Data →

- - - - - - -

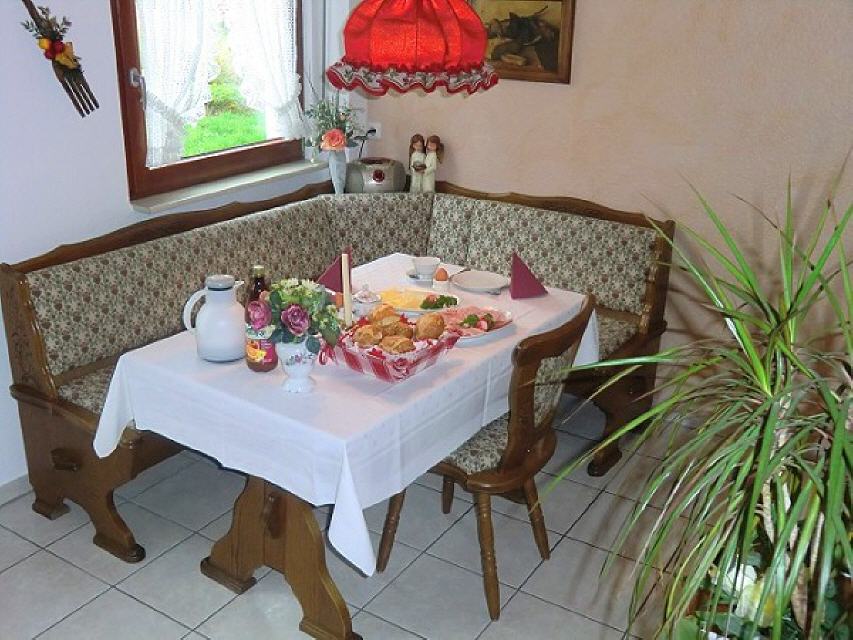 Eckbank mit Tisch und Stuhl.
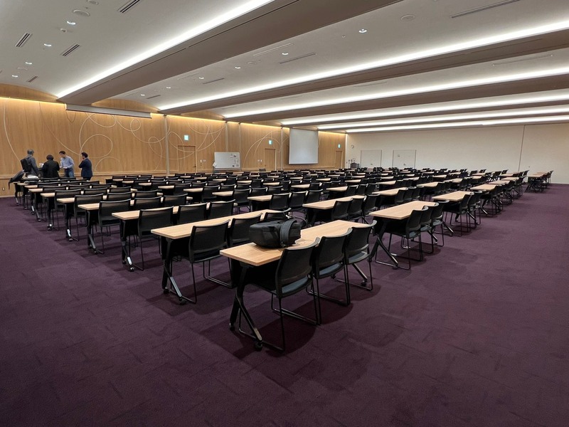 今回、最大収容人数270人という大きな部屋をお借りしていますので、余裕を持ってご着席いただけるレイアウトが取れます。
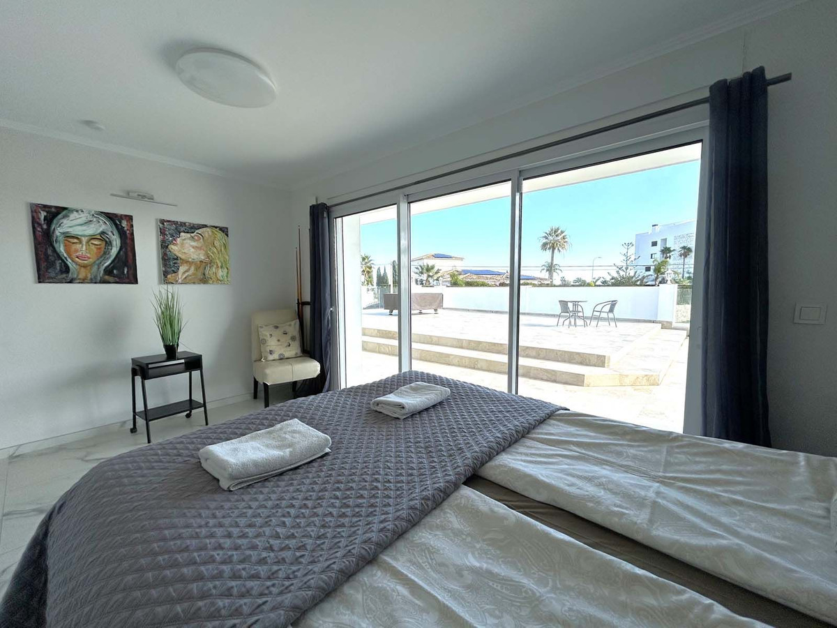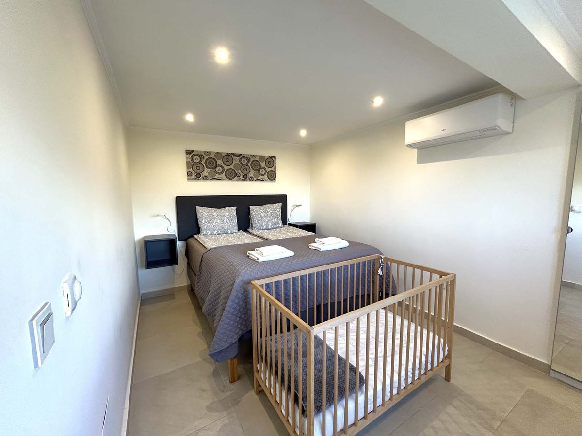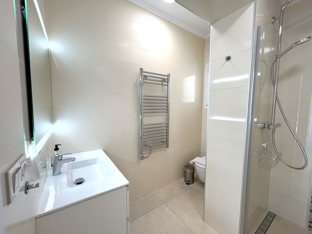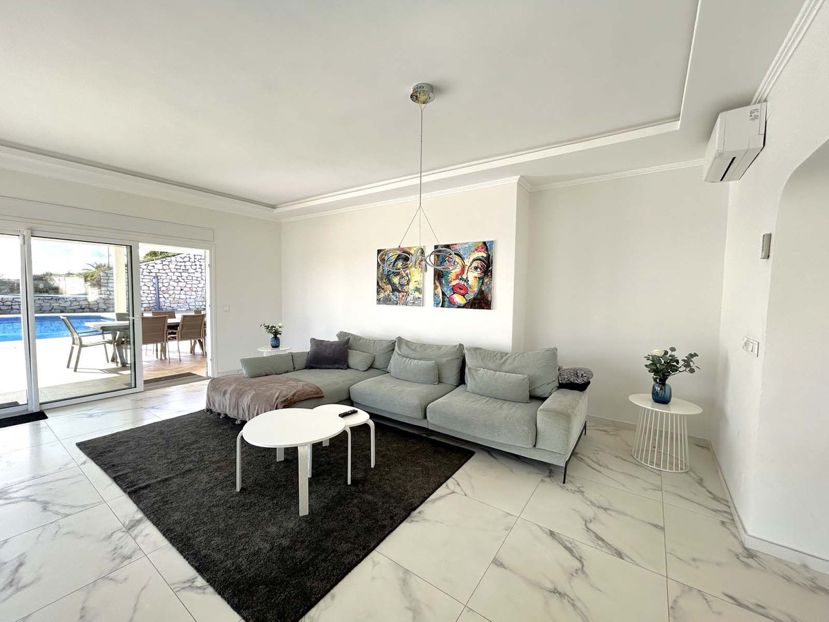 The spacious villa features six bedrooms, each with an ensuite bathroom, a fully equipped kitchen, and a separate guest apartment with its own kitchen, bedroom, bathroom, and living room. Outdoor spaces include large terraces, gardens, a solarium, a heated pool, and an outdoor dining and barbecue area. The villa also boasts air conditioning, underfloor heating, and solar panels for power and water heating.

- - - - - - -

About this exercise → Leave out the pictures and set down all of the data exactly.

Response to this exercise →
 Eckbank mit Tisch und Stuhl.
 今回、最大収容人数270人という大きな部屋をお借りしていますので、余裕を持ってご着席いただけるレイアウトが取れます。
 The spacious villa features six bedrooms, each with an ensuite bathroom, a fully equipped kitchen, and a separate guest apartment with its own kitchen, bedroom, bathroom, and living room. Outdoor spaces include large terraces, gardens, a solarium, a heated pool, and an outdoor dining and barbecue area. The villa also boasts air conditioning, underfloor heating, and solar panels for power and water heating.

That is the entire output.